After I managed to reproduce the issue locally, I discovered what was going on.

It was concurrency.

Specifically, that there's multiple places where ath_start() is being called, thus multiple concurrent TX is occuring.

Now, in the non-aggregate method, net80211 is doing all the sequence number assignment. I'm not so sure that in the normal case, the sequence numbers are being allocated in a consistent, sequential way - if the net80211 TX code is able to be called concurrently from multiple threads, sequence numbers can and will be occasionally "raced" and allocated in the reverse order that they're submitted to the driver. But I'm not here to fix that (however I'll eventually have to.)

In the aggregate method, the driver is doing the aggregation and sequence number assignment. For now, the driver is also doing the TX BAW tracking and frame queuing. So imagine this sequence of events:

* a frame is submitted via ath_start();
* since aggregation is enabled, it's allocated a sequence number;
* it's then thrown into the software queue;
* then at some later stage, the software queue is checked, the frame is popped out of the list and if it's inside the BAW, it's added to the BAW and TX;ed
* adding the frame to the TX BAW slides the left hand edge of the BAW to be at that sequence number. Any frames TXed with a seqno _less_ than this will be treated as outside of the BAW and put back onto the software queue for now.

Now, the locking only occurs at:

* the time the frame has the sequence number allocated;
* then when the queue is checked and the frame is popped off.

If two or more threads are allocating sequence numbers and doing work, it's quite possible that thread A will allocate (say) seqno 5, thread B will allocate seqno 6 and then add it to the BAW before thread A can.

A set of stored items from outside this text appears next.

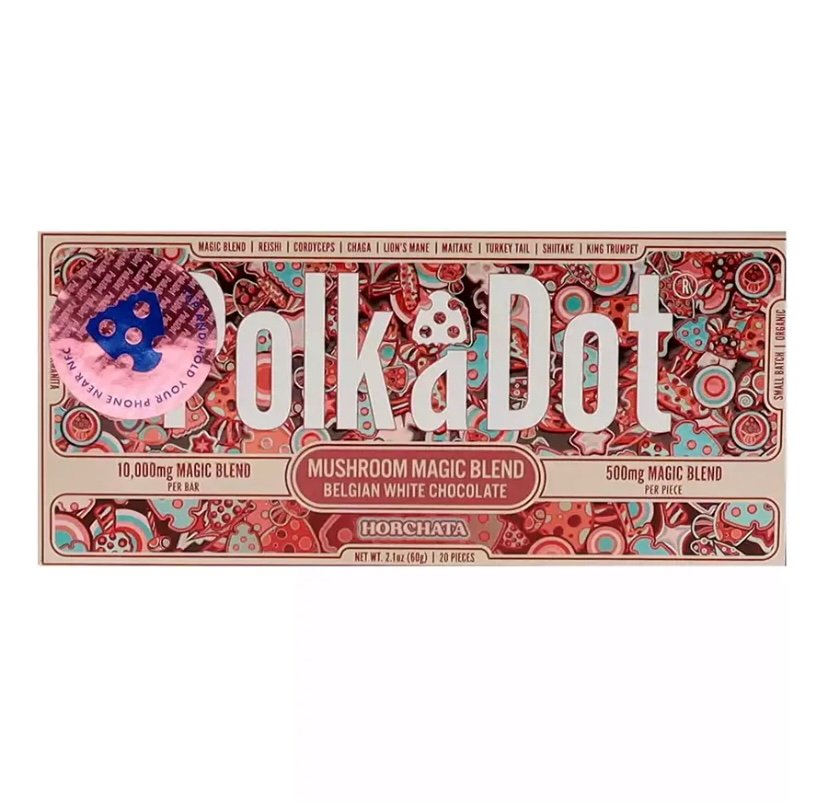 Flavorful Symphony: Horchata PolkaDot Magic Mushroom Belgian White Chocolate creates a harmonious blend of creamy white chocolate and the exotic essence of Horchata. Each bite unfolds a symphony of flavors that transports you to sun-soaked terraces and lively gatherings.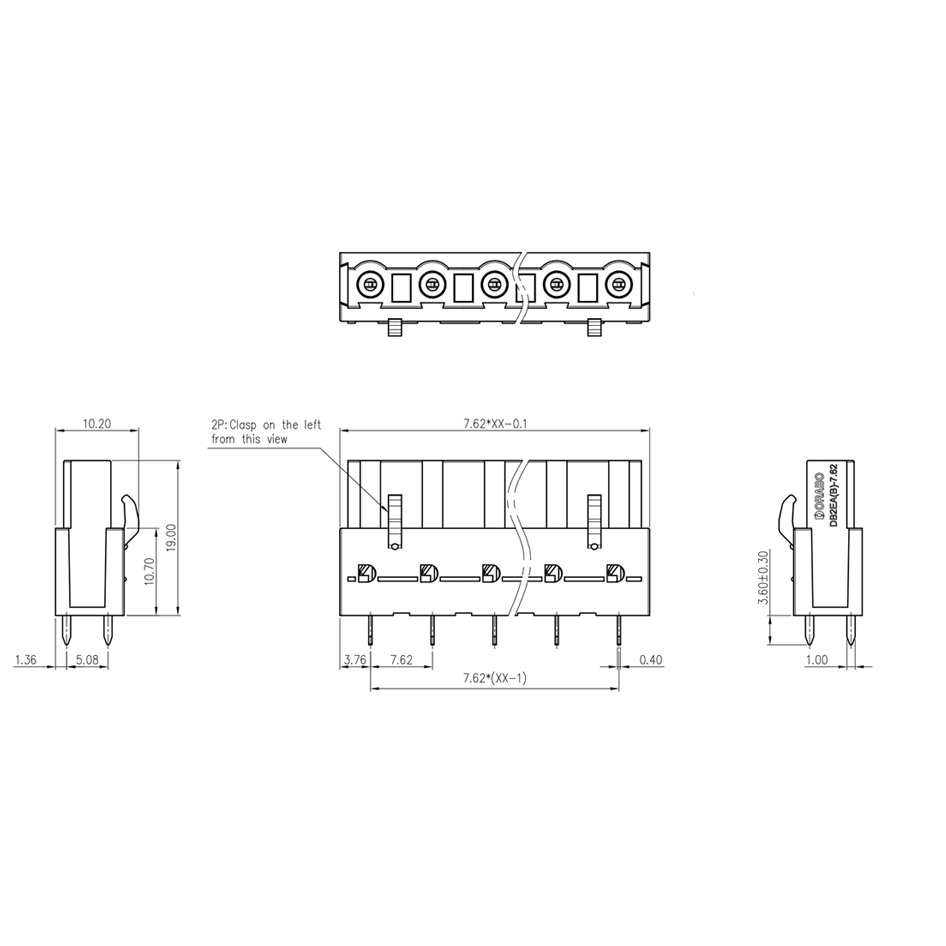 PCB Housing, Cross-sectional rating: 2.5 mm2, Color: Green, Current rating: 12 A, Voltage rating (III/2): 630 V, Contact surface: Tin, Contact type: Hole connector, Number of potentials: 2-16, Number of rows: 1, Number of bits: 2-16, Connections: 2-16, Product family: DB2EB, Pin pitch: 7.62 mm, Mounting: Wave Soldering, Pin Alignment: Straight Alignment, Pins [P]: 3.5 mm, Number of Pins per Potential: 2, Insertion System: COMBICON DB2EB, Pin Connector Style Alignment: Standard, Interlock: Without, Mounting: Without, Package Type: Carton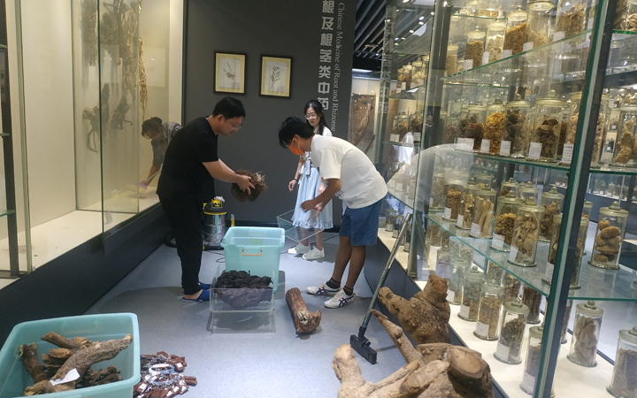 9月8日下午,徐宏举、孙亚楠、陈凯、王思雪、李亚楠等老师一起把熏库的药材重新上架布展,这次上架的药材大约有30余种,经过半天的辛勤付出,老师们把中药标本馆重新布置一新,以满足新学期我校师生、社会观众及其他各界人士参观、学习的需要。(博物馆 文/宋永刚 图/王思雪)
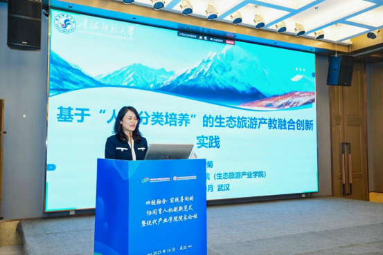 2025年10月18日,中国现代产业学院协同创新平台主办的“四链融合:实践导向的协同育人机制新范式暨现代产业学院院长论坛”在武汉举办,青海师范大学生态旅游产业学院院长薛华菊携酒店管理教研室主任郭瑞及教师代表张媛钰、李蹊参会。论坛汇聚全国100余所高校近300名专家学者与业界代表,围绕“校企协同育人机制”展开深度研讨。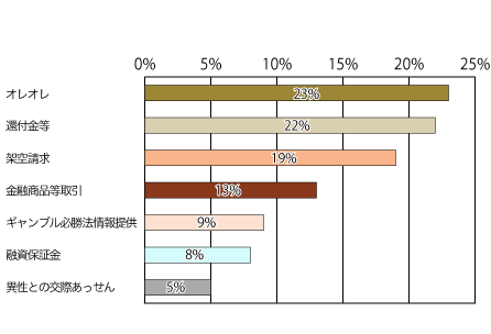 問2については、『オレオレ詐欺』が131件で23%、『還付金等詐欺』が124件で22%、『架空請求詐欺』が108件で19%、『金融商品等取引名目の詐欺』が74件で13%、『ギャンブル必勝法情報提供名目の詐欺』が51件で9%、『融資保証金詐欺』が45件で8%、『異性との交際あっせん名目の詐欺』が30件で5%となりました。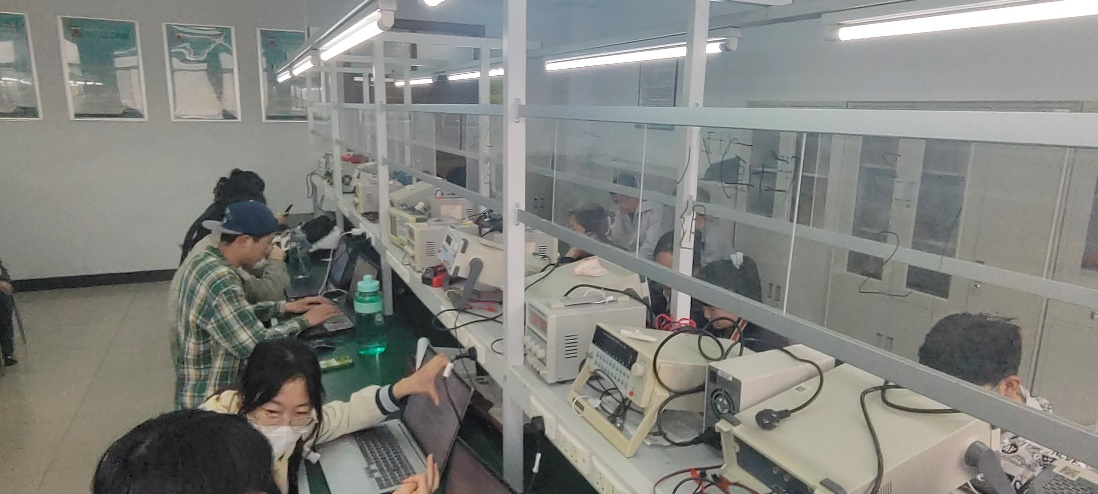 从4月8日开始,同学们以小组的形式在主楼1117进行线下实训,系统学习了压力传感器的采集、放大、滤波电路的基本原理,对涉及的电路进行仿真分析,同时自主进行传感器方案的设计、传感器的选型以及电阻电容参数的选取,并最终进行multisim电路仿真以及PCB的绘制。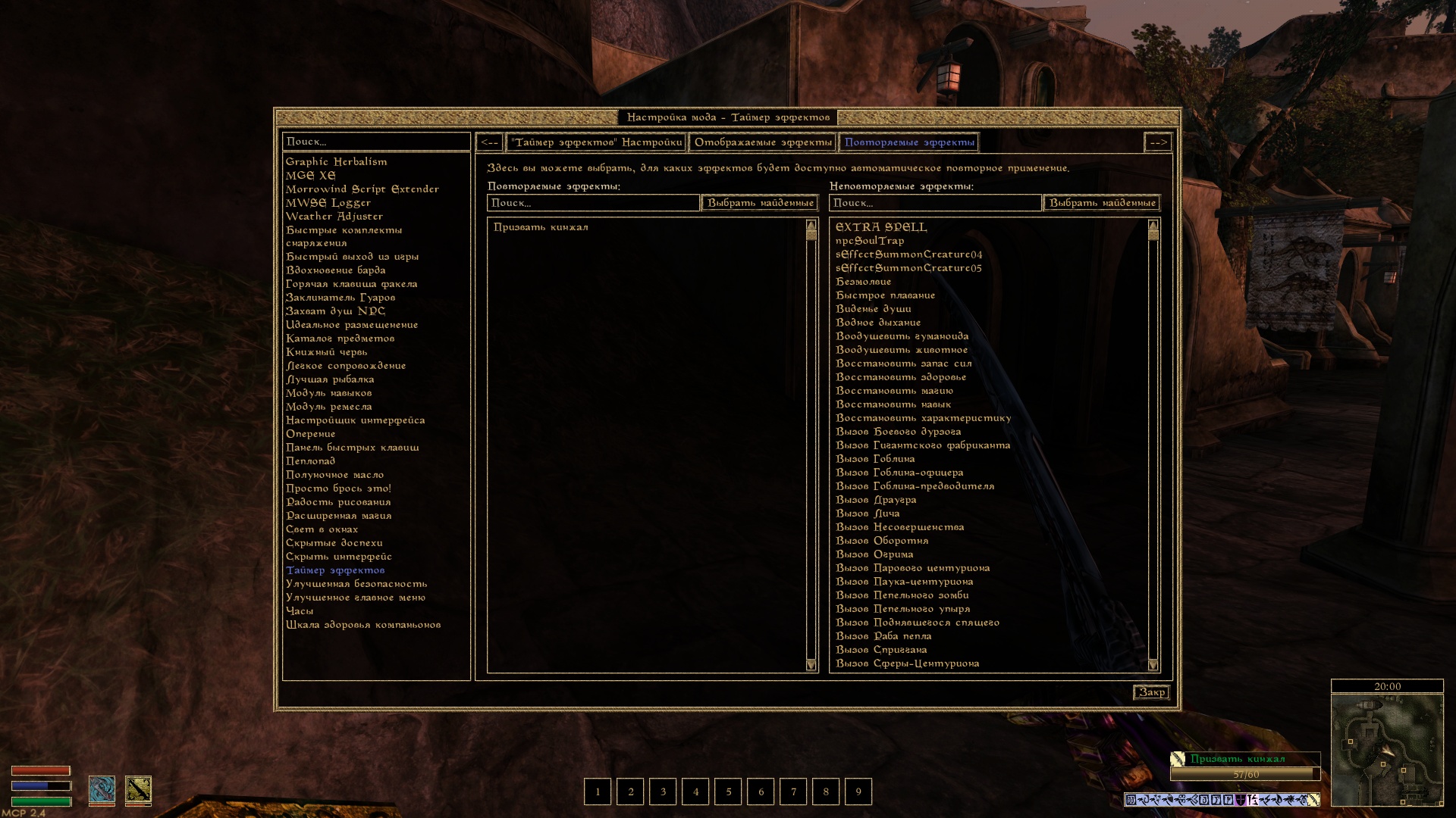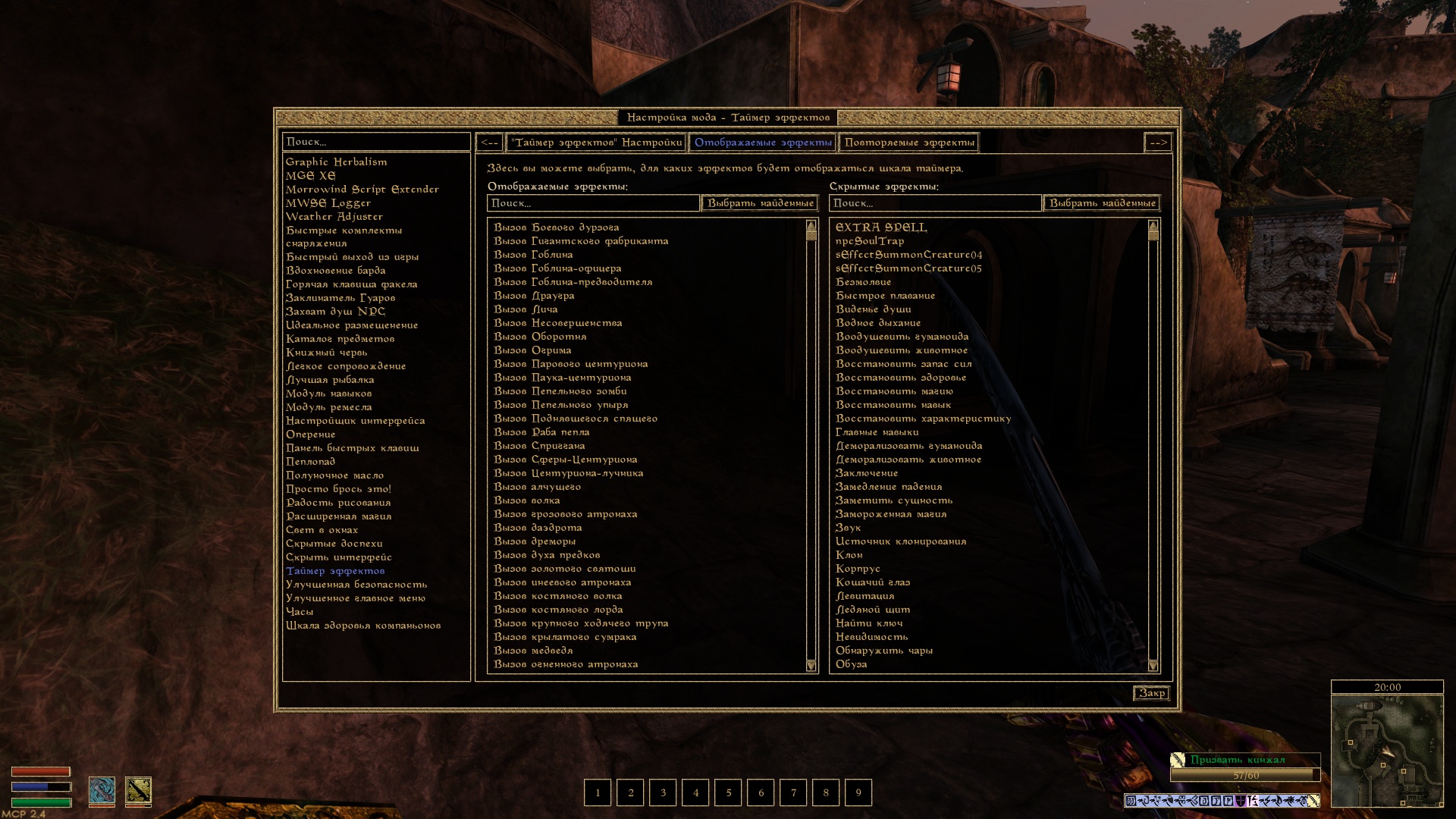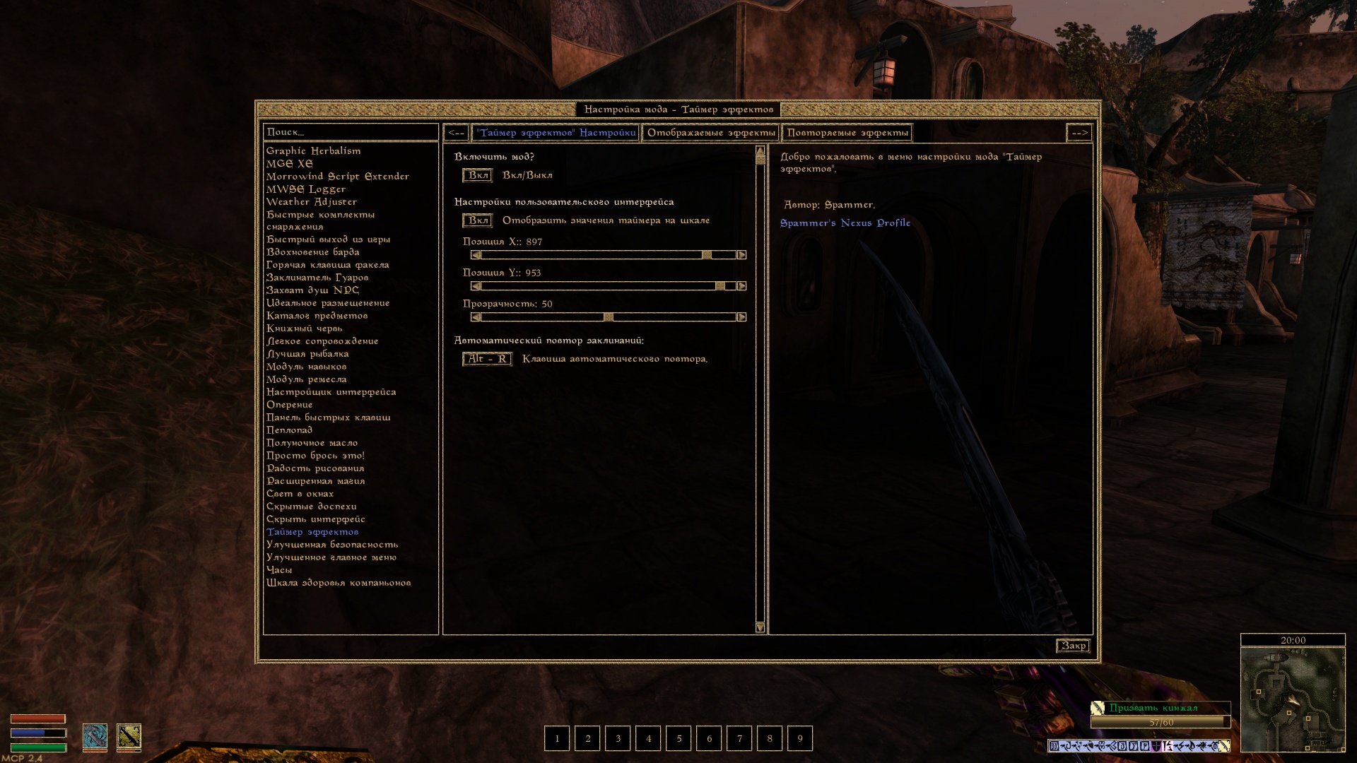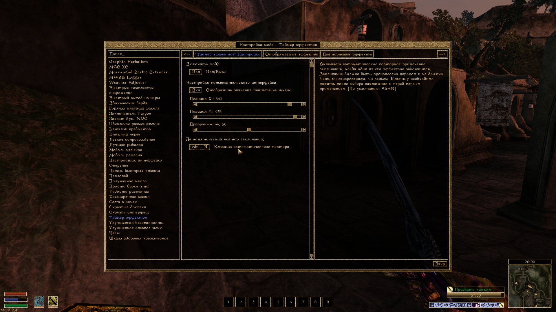 - меню настройки мода позволяет вам настраивать множество параметров: положение шкалы на экране, её прозрачность, эффекты, таймер которых вы хотите видеть на экране.

Then when thread A tries to do some work, it finds the queue has a frame with seqno 5 in it - and since it's before the left hand edge of the BAW (which is at 6, as it was successfully pushed to the hardware), it won't be transmitted and will stay in the software queue until the BAW sequence numbers wrap around to 0 and catch up.

Now, linux ath9k/mac80211 doesn't have this problem. The TX pathway is totally serialised, which means that even if multiple threads are trying to TX, only one thread will be able to enter the TX code at any time. The other threads get blocked.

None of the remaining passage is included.